Lorsqu'il s'agit d'une pollution découverte en cours de chantier°, l'administration envoie sa décision statuant sur la validité du recours à cette procédure au titulaire dans les dix jours à dater de la réception de l'information et de la justification. Cette approbation préalable de l'administration est uniquement prévue dans cette hypothèse. En effet, dans le cas d'un accident soudain, il convient de poser les actes et travaux immédiatement pour éviter que la pollution ne se diffuse.

L'attente de la décision visée à l'alinéa 2 est sans préjudice de la possibilité pour le titulaire, sur conseil de l'expert, de mener toutes les investigations nécessaires à sa mission.

La décision favorable vaut permis.

Dans le cas d'un accident, à l'issue de la réalisation des mesures de gestion immédiates, une évaluation finale est effectuée par l'expert à l'initiative du titulaire.
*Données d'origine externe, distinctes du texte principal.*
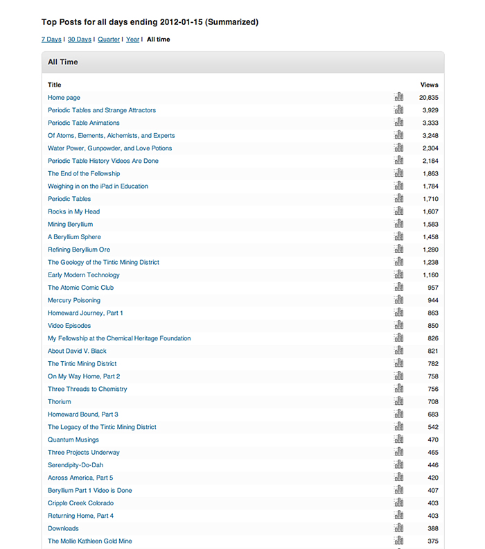 In April through June of 2013 we will switch gears and talk about nucleogenesis and the origin of the elements, then the physicists and chemists that have helped us understand the structure of the atom and quantum mechanics. From there, I will probably begin to talk about individual elements and how they are mined and refined, with examples of the mining districts where they come from, such as the history of the Viburnum Trend in Missouri and the lead mines there, or the gold mines of Cripple Creek, Colorado. I really do have enough materials now to keep this blog going for at least two years. And I’ll be gathering more all the time. I will also dedicate occasional posts to my efforts as a chemistry teacher and to science education in general, including my experiences at conferences, etc.

Cette évaluation est envoyée à l'administration dans les trente jours à dater de la fin de l'accomplissement des mesures

L'administration dispose alors de 30 jours à dater de la réception de l'évaluation finale pour délivrer le certificat de contrôle du sol qui a la même portée légale que les certificats délivrés dans le cadre d'autres procédures.

Consulter ici le résumé des procédures pour les projets d'assainissement.

[1] Hormis le délai de la décision sur le caractère complet du dossier qui serait de 20 jours au lieu de 30 selon le commentaire des articles.